VII. Trouve-t-on des remarques dans les écrits de Gauguin?
Ils existent en effet. Le plus intéressant est un paragraphe de ses Mémoires «Avant et Après» où Gauguin écrit la phrase: « il me fallut étudier les détours pour ne pas aller en prison». Elle est suivie d’ «un petit spécimen de mon savoir faire» et complétée par deux citations littéraires. La première est de l’orateur grec Démosthène (en alphabet grec) et signifie «lorsqu’il faisait nuit», la deuxième est un vers légèrement modifié de la tragédie «Athalie» de Jean Racine: «C’était pendant l’horreur d’une profonde nuit».

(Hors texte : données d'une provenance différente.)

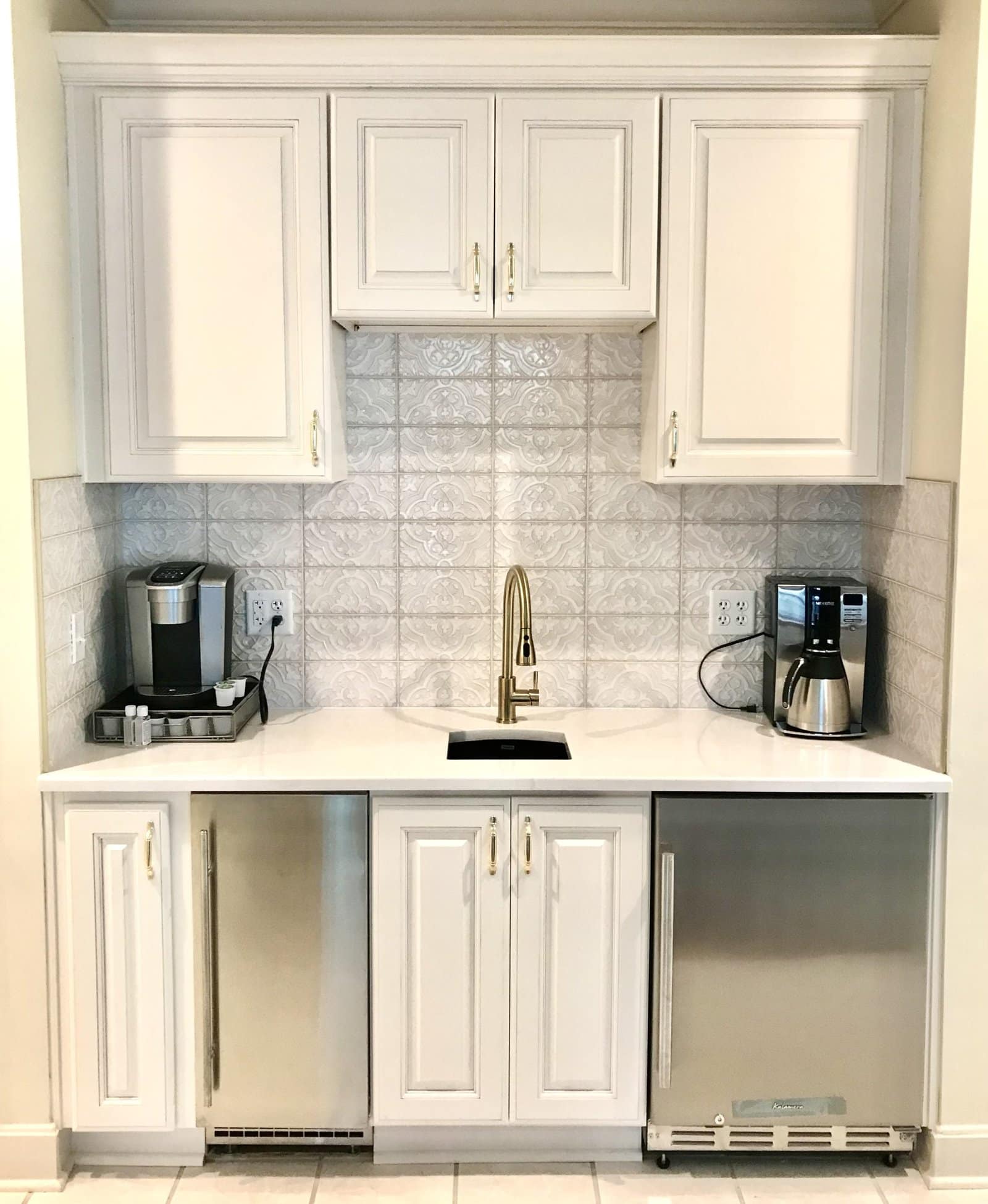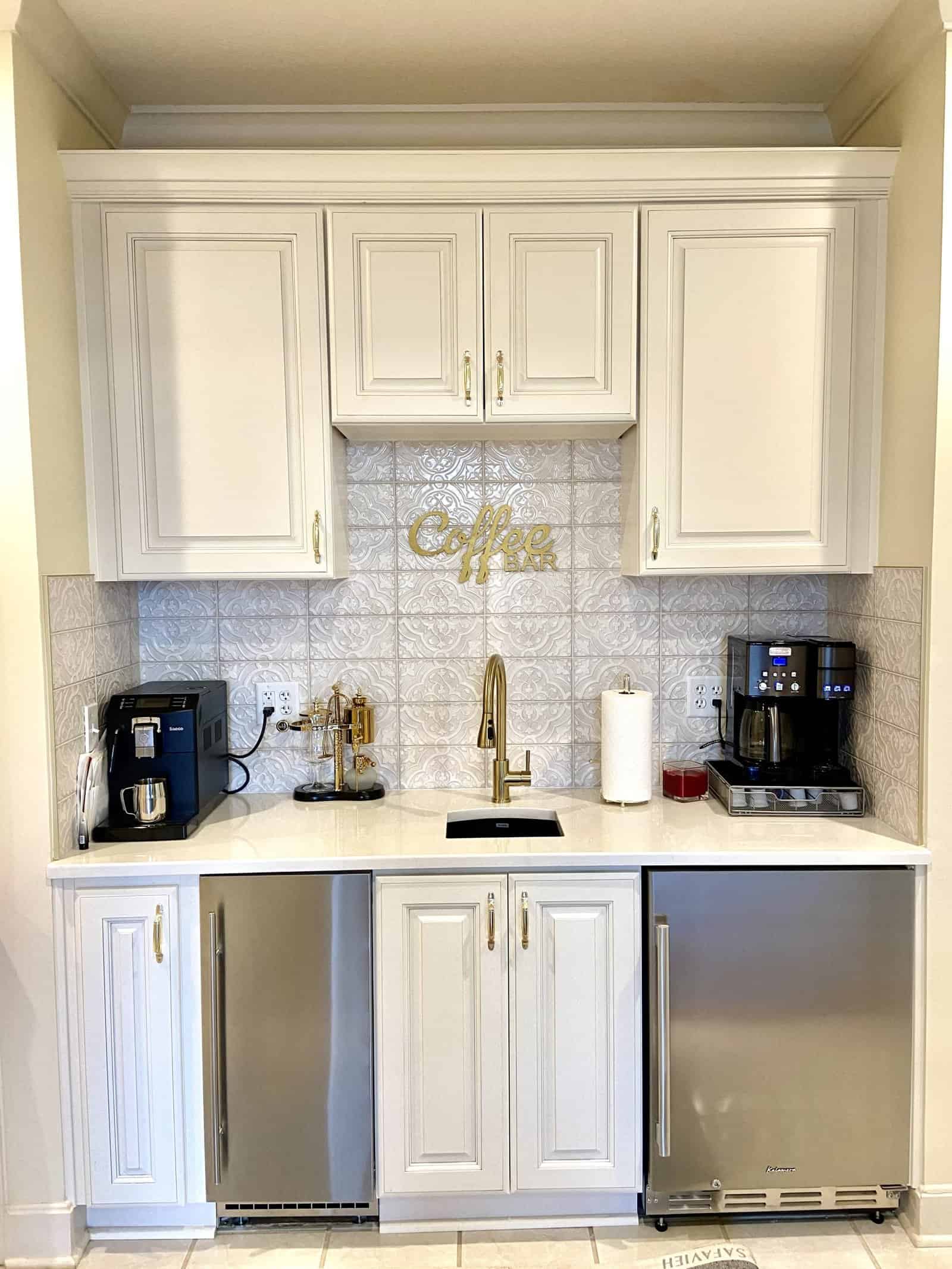Charming white kitchen cabinets with stylish gold hardware and built-in mini fridge.

Il faut considérer ce passage comme une confession indirecte: La pièce de Racine traite du destin de la reine scélérate et tyrannique Athalie qui, adhérant au culte païen de Baal, tente de détourner le peuple juif de son Dieu. Mais elle est de plus en plus en proie à des angoisses et terrifiée par des cauchemars et finit par être assassinée lors d’un coup d’Etat conduit par le jeune roi Joas.
Gauguin cite un vers du monologue d’Athalie où elle évoque ses cauchemars et ses angoisses qui la poursuivent partout malgré ses efforts pour les chasser. (Comme, du reste, l’œil de Dieu poursuit jusqu’à la fin de sa vie, le fratricide Caïn dans le poème de Victor Hugo «La conscience»).
Dans ce passage de ses Mémoires, Gauguin renvoie le lecteur sans doute à «l’horreur» de la nuit où il a blessé Van Gogh et il s’y vante de son «savoir-faire» rhétorique qui lui a permis de convaincre la police et tous les témoins de son innocence et ainsi d’éviter la prison.
Voici, dans l’original manuscrit, ce passage des Mémoires «Avant et Après»...
Voici un autre indice écrit intéressant de Gauguin: une phrase dans sa lettre au critique André Fontainas (1865-1948) qu’il a écrite en septembre 1902, huit mois avant sa mort sur l’ïle Hiva Oa. Il y dit: «Si avec Van Gogh nature noble j’ai eu à me louer, moi, l’artiste aux lèvres scellées, il n’est pas de même avec beaucoup en Bretagne…» (Paul Gauguin à André Fontainas, Sept. 1902, cf. Malingue, Maurice: Lettres de Gauguin, Paris 1946, no. 176, p. 306). 30 (question XI)
«Moi, l'artiste aux lèvres scellées»: Cette phrase semble confirmer le pacte du silence entre Gauguin et Van Gogh.
En même temps, Gauguin rend hommage au «caractère noble» de son collègue décédé, noblesse largement prouvée par son silence sur le coup de sabre qui lui a coûté une oreille.